Social anxiety disorder is the third most common psychiatric disorder, behind depression and alcoholism. Experts estimate that approximately thirteen percent of people experience social anxiety at some point in their lives. In any 12-month period, approximately seven percent of men and nine percent of women experience social anxiety that interferes with their daily functioning. While women experience this phobia more often than men, males are more likely to experience more extreme forms of social anxiety. Social anxiety may begin with shyness and timidity in childhood and progress into social anxiety later. Social anxiety may also begin with social exposure at puberty. While shyness is a personality trait, social anxiety is a disease with roots deeper than environmental circumstance.

Research has yet to provide a complete picture into the causes of social anxiety disorder. Many medical professionals believe that social anxiety is caused by a combination of genetics, early development, and later life experiences. Animal studies have indicated genetic causes of social anxiety. Other studies have discovered that chemical imbalances in the area of the brain called the amygdala, believed to produce fear responses, plays an integral role in social anxiety disorder. Observational learning and social modeling are other factors that have been linked to social anxiety.
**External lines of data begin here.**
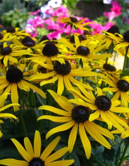 Rudbeckia fulgida var. sullivantii 'Little Goldstar' bildet gelbe Blüten ab Juli.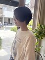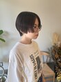 前髪とサイドの繋ぎ目を丸くしたり、角を残したりで優しいカジュアルにもクールなモードの雰囲気にもなるショート。【京都美容室/二条/大宮/西院/ショート/ボブ/ハイライト/白髪ぼかし/レイヤー/ヘッドスパ/プライベートサロン】
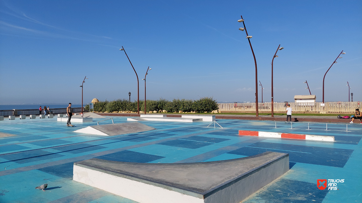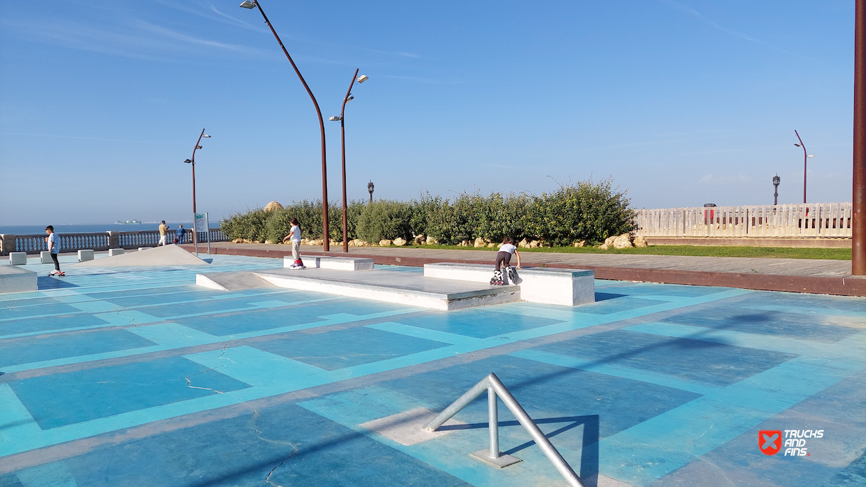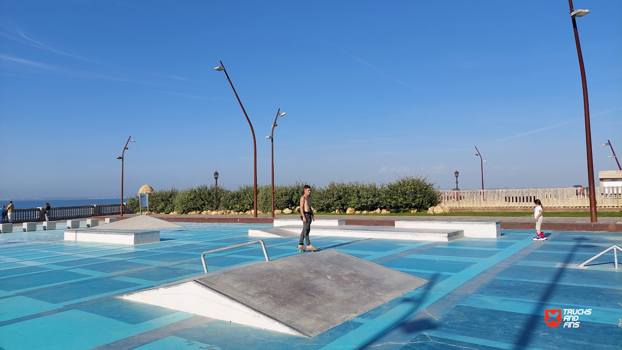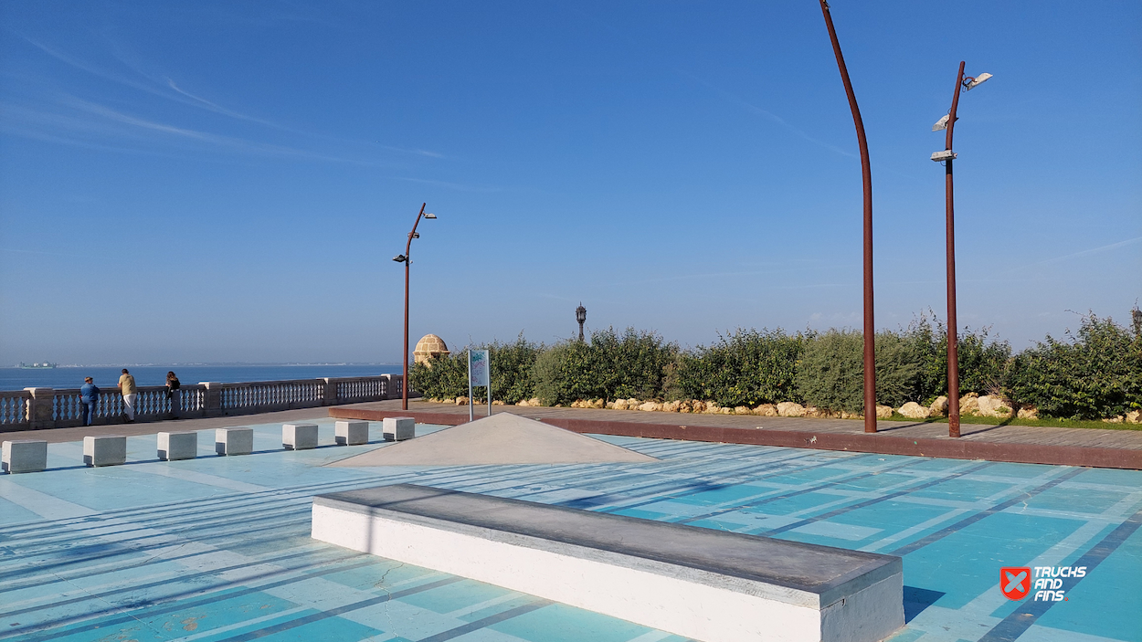 Parque Genovés, located in Cádiz, Spain, is renowned for its lush botanical gardens, diverse tree species, and serene ambiance. It features attractions such as a picturesque pond with a waterfall, topiary-lined avenues, and various sculptures. In March 2024, the park introduced a new children's play area equipped with elements like a zip line, toboggan, climbing structures, and musical games. Inside the park, next to the ocean you will find the street focused skatepark.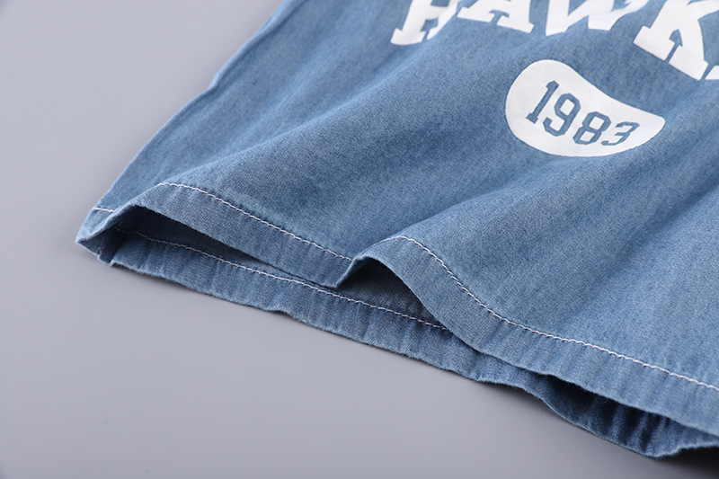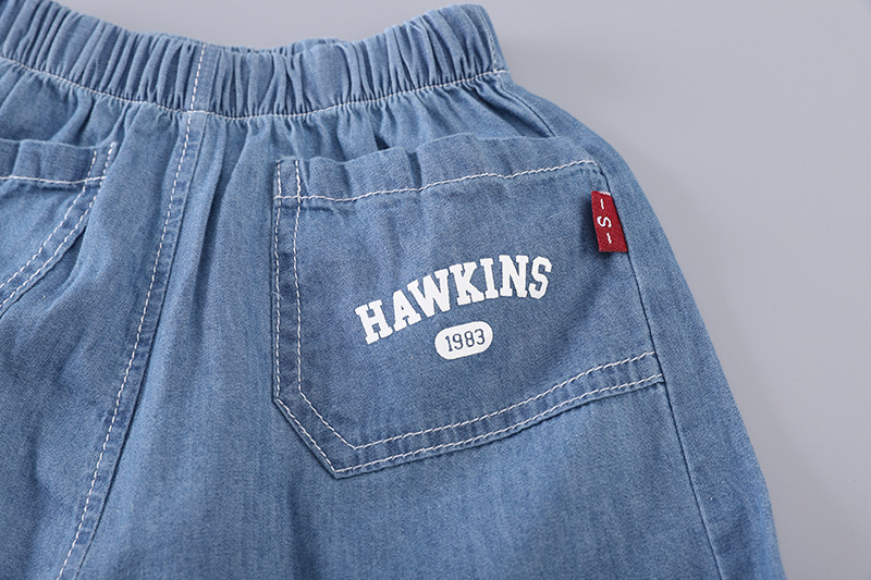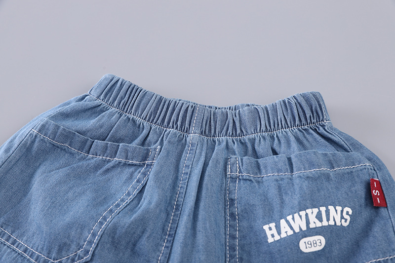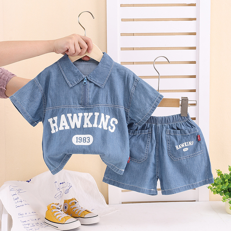 여름 새로운 유행 소년 여름 정장 영어 데님 반팔 정장 직접 판매 대외 무역 크로스 보더 소년 정장스토어 가기
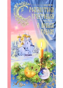 Открытка двойная со сгибом по вертикали и чистой внутренней стороной. Изготовлена из картона, имеет биговку (канавку по линии сгиба). Украшена золотым тиснением.
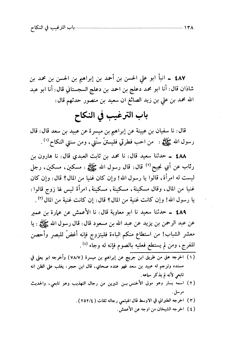 489- حَدَّثَنَا أَبُو مُعَاوِيَةَ ، قَالَ : حَدَّثَنَا الأَعْمَشُ ، عَنْ عُمَارَةَ بْنِ عُمَيْرٍ ، عَنْ عَبْدِ الرَّحْمَنِ بْنِ يَزِيدَ ، عَنْ عَبْدِ اللهِ بْنِ مَسْعُودٍ ، قَالَ : قَالَ رَسُولُ اللهِ صَلَّى اللَّهُ عَلَيْهِ وَسَلَّمَ : يَا مَعْشَرَ الشَّبَابِ ، مَنِ اسْتَطَاعَ مِنْكُمُ الْبَاءَةَ فَلْيَتَزَوَّجْ ؛ فَإِنَّهُ أَغَضُّ لِلْبَصَرِ وَأَحْصَنُ لِلْفَرْجِ ، وَمَنْ لَمْ يَسْتَطِعْ فَعَلَيْهِ بِالصَّوْمِ ؛ فَإِنَّهُ لَهُ وِجَاءٌ.
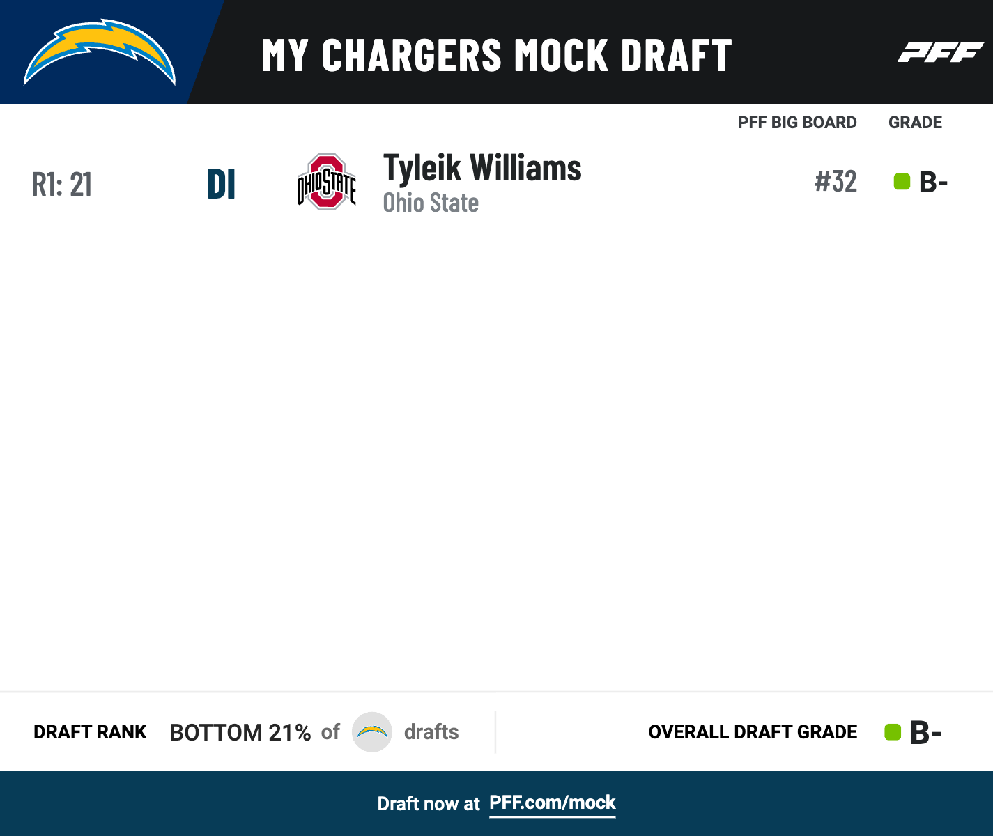 21. Los Angeles Chargers: CB Shavon Revel or Dl Tyleik Williams

Treatment of social anxiety often consists of behavioral and drug therapies. Cognitive-behavior therapy, which includes exposure therapy, can effectively help a person alter his reaction to anxiety in response to social stimuli. Anti-depressants like SSRIs and MAOIs, benzodiazepines, and beta-blockers are all medications that may help treat a patient with social anxiety. There is a risk of side effects with each of these medications, one of which is worsening of social anxiety, which should be discussed in greater detail with a physician.